Assignment. After locating "Al Piccolo Teatro Portacatena, a" in the listing below, copy that line and each one after it exactly, ending with the line that has "굳이 충전용이 아니라".

Data shown.
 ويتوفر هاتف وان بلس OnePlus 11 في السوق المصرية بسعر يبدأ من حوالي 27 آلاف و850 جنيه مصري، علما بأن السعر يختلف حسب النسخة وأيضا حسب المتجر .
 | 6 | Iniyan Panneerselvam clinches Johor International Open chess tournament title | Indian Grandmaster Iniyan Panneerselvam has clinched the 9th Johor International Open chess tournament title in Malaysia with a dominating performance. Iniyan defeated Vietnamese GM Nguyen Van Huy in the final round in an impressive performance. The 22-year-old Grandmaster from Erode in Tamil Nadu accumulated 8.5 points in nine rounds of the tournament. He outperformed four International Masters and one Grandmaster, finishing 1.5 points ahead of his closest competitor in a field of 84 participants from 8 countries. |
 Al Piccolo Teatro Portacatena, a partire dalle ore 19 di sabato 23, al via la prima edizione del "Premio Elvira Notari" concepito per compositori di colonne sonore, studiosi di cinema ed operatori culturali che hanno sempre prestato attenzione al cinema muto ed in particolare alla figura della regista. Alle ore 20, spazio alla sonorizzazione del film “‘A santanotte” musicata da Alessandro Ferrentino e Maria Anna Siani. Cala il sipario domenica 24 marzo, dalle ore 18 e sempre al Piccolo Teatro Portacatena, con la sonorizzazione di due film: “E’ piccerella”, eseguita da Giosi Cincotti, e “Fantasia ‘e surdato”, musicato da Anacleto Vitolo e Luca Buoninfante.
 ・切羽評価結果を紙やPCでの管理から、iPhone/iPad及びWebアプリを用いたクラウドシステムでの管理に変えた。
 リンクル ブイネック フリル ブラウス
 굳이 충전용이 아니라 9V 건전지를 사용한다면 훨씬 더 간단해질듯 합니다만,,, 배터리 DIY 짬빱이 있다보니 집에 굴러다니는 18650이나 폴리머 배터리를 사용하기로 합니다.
---
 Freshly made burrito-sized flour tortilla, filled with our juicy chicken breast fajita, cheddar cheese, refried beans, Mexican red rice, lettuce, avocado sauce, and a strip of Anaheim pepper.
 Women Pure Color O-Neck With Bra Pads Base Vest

Result below.
 Al Piccolo Teatro Portacatena, a partire dalle ore 19 di sabato 23, al via la prima edizione del "Premio Elvira Notari" concepito per compositori di colonne sonore, studiosi di cinema ed operatori culturali che hanno sempre prestato attenzione al cinema muto ed in particolare alla figura della regista. Alle ore 20, spazio alla sonorizzazione del film “‘A santanotte” musicata da Alessandro Ferrentino e Maria Anna Siani. Cala il sipario domenica 24 marzo, dalle ore 18 e sempre al Piccolo Teatro Portacatena, con la sonorizzazione di due film: “E’ piccerella”, eseguita da Giosi Cincotti, e “Fantasia ‘e surdato”, musicato da Anacleto Vitolo e Luca Buoninfante.
 ・切羽評価結果を紙やPCでの管理から、iPhone/iPad及びWebアプリを用いたクラウドシステムでの管理に変えた。
 リンクル ブイネック フリル ブラウス
 굳이 충전용이 아니라 9V 건전지를 사용한다면 훨씬 더 간단해질듯 합니다만,,, 배터리 DIY 짬빱이 있다보니 집에 굴러다니는 18650이나 폴리머 배터리를 사용하기로 합니다.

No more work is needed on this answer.